Fine Tune StarCoder2-3B

In this article, we will fine tune the StarCoder2-3B model for instruction following.

Coding assistants are starting to prove useful for software developers across all fields. Most common use cases trace back to either ChatGPT or GitHub co-pilot. But what if we want a small, performant, and fast, local coding assistant? We will explore that in this article. In this article, we will fine tune the StarCoder2-3B model on the same dataset that was used to train StarCoder2-15B to create an instruction tuned version of the model.

This is the first part of the article in fine tuning StarCoder2-3B. In the next article, we will convert the model to GGUF format and upload it to Ollama.

We will cover the following topics in this article

• An overview of the self-aligning instruction tuning dataset.
• Cloning and setting up the official repository.
• Preparing the dataset in the correct format.
• Training and inference.

The Self-Align Instruction Tuning Dataset to Fine Tune StarCoder2-3B

The dataset that we are using here is part of the open-source project by BigCode to instruction tune StarCoder2-15B.

In the repository, the authors elaborate on how the dataset was created for self-aligning the model without any human interventions.

I highly recommend going through the blog post to understand more about the dataset curation process.

In the end, we have an instruction tuning dataset of 50000 Python code samples.

Why fine-tune another model, when we already have a 15B model?

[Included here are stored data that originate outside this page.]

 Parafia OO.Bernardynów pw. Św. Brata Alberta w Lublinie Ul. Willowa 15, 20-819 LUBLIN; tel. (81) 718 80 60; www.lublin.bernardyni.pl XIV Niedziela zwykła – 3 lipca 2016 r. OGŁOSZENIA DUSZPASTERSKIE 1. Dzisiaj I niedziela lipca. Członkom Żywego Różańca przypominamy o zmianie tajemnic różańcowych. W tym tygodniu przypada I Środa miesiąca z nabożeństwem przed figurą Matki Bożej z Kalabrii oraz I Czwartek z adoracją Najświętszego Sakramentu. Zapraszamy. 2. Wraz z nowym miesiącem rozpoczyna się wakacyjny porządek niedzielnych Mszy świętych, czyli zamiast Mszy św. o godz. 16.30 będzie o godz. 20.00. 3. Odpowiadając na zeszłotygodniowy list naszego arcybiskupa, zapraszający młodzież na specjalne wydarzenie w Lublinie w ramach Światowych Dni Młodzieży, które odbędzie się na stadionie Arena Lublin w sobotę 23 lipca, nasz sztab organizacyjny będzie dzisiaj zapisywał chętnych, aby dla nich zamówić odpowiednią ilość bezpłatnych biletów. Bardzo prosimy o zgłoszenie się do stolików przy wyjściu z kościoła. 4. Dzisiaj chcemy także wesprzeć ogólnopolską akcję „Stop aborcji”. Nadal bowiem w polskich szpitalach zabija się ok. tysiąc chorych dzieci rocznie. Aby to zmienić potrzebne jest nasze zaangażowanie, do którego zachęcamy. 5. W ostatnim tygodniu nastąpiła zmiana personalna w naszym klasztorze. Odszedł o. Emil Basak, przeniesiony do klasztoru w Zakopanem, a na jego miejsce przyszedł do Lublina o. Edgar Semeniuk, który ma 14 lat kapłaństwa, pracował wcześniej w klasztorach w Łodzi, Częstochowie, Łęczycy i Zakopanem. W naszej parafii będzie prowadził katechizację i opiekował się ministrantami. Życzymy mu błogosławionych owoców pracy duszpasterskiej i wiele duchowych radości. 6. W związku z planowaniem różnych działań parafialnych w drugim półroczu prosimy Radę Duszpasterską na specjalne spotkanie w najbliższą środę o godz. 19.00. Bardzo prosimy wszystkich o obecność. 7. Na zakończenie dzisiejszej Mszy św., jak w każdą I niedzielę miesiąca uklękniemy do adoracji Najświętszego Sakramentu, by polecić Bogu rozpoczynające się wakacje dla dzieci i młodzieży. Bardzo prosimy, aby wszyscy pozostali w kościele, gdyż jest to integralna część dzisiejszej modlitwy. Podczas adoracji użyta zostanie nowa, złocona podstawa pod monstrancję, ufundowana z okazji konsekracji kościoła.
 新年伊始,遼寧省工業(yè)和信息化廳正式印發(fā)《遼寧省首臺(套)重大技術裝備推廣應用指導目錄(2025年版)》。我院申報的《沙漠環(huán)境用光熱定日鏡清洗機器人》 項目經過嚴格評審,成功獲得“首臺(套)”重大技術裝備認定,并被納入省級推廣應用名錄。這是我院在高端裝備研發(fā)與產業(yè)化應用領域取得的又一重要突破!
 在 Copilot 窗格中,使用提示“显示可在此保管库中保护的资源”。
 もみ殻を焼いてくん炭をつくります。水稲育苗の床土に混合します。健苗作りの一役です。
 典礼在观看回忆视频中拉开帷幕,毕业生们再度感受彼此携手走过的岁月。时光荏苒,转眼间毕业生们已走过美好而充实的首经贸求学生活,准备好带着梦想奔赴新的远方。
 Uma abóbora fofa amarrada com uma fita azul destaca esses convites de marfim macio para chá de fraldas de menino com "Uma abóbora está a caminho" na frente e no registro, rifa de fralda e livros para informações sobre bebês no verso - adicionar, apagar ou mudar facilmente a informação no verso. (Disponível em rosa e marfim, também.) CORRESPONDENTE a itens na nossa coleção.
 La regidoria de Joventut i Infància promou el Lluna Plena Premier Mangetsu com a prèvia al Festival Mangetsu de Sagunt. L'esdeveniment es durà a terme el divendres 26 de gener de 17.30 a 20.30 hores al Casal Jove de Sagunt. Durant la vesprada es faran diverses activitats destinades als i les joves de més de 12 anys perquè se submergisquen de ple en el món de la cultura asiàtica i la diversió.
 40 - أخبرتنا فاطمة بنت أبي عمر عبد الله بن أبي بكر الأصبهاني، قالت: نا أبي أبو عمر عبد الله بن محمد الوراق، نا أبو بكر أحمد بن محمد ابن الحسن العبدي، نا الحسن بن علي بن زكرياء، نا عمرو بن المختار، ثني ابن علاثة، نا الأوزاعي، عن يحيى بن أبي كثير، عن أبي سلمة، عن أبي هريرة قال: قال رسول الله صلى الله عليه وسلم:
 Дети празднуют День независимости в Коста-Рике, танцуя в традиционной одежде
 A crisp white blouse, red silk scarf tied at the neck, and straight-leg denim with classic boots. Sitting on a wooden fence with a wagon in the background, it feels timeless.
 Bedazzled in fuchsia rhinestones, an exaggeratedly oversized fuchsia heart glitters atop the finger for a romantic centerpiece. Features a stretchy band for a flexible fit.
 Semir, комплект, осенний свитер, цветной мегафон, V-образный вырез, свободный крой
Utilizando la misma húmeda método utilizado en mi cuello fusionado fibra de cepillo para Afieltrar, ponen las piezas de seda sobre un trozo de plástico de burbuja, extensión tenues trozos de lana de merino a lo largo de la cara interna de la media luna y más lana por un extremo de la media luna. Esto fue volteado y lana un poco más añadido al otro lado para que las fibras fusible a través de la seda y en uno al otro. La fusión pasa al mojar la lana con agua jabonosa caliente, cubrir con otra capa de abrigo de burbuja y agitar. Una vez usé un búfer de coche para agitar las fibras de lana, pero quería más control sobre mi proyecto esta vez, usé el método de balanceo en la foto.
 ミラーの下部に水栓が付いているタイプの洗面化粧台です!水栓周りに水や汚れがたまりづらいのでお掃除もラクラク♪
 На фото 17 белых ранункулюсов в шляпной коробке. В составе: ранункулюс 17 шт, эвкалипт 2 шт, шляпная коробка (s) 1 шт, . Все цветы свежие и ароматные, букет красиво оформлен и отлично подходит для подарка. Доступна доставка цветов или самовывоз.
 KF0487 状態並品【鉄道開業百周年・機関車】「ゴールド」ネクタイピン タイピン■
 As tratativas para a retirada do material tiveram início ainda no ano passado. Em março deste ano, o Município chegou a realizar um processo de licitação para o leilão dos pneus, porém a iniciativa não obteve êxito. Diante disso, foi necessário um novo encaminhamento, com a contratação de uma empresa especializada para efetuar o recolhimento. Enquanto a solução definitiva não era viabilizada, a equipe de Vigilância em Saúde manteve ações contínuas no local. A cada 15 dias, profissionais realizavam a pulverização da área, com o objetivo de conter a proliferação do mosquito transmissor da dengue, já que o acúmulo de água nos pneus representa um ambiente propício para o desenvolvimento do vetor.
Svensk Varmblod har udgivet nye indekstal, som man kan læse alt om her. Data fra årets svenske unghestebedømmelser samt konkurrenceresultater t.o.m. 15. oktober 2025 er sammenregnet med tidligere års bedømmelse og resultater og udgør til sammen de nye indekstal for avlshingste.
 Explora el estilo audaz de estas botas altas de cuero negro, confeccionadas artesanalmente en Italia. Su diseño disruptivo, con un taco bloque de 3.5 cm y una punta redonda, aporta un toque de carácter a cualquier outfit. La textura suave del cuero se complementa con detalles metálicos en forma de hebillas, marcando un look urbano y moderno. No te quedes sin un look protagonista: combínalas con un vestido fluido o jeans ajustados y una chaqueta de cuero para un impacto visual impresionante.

A 15B parameter LLM is difficult to run on limited resources. If we fine tune the StarCoder2-3B model on the same dataset, then we can have a local LLM that can run even on a 6GB GPU with 4-bit quantization with enough overhead for context.

Directory Structure

As we will use the official GitHub repository for training purpose, the following directory structure mostly matches it with a few changes.

starcoder2-self-align/
├── evaluation
│   ├── evalplus_results
│   ├── README.md
│   └── text2code.py
├── inference.py
├── LICENSE
├── outputs_starcoder3b_4e
│   ├── config.json
│   ├── generation_config.json
│   ├── merges.txt
│   ├── model-00001-of-00002.safetensors
│   ├── model-00002-of-00002.safetensors
│   ├── model.safetensors.index.json
│   ├── README.md
│   ├── special_tokens_map.json
│   ├── tokenizer_config.json
│   ├── tokenizer.json
│   ├── trainer_state.json
│   ├── training_args.bin
│   └── vocab.json
├── prompts
│   └── self-ossinstruct-fewshot.txt
├── pyproject.toml
├── README.md
├── requirements.txt
├── seed_gathering
│   ├── benchmark_data.py
│   ├── filter_dataset.py
│   ├── generate_from_the_stack.py
│   ├── high_quality_subset.py
│   ├── README.md
│   ├── requirements.txt
│   ├── tree_sitter_parser.py
│   └── tree-sitter-python
├── src
│   ├── star_align
│   └── star_align.egg-info
├── train-00000-of-00001.parquet
├── train_data.jsonl
├── training_commands
└── wandb
    ├── ...
    └── run-20240727_152631-4hpkpdta

Apart from the official content, we have the inference.py script that we will use for prompting the trained model and generating responses.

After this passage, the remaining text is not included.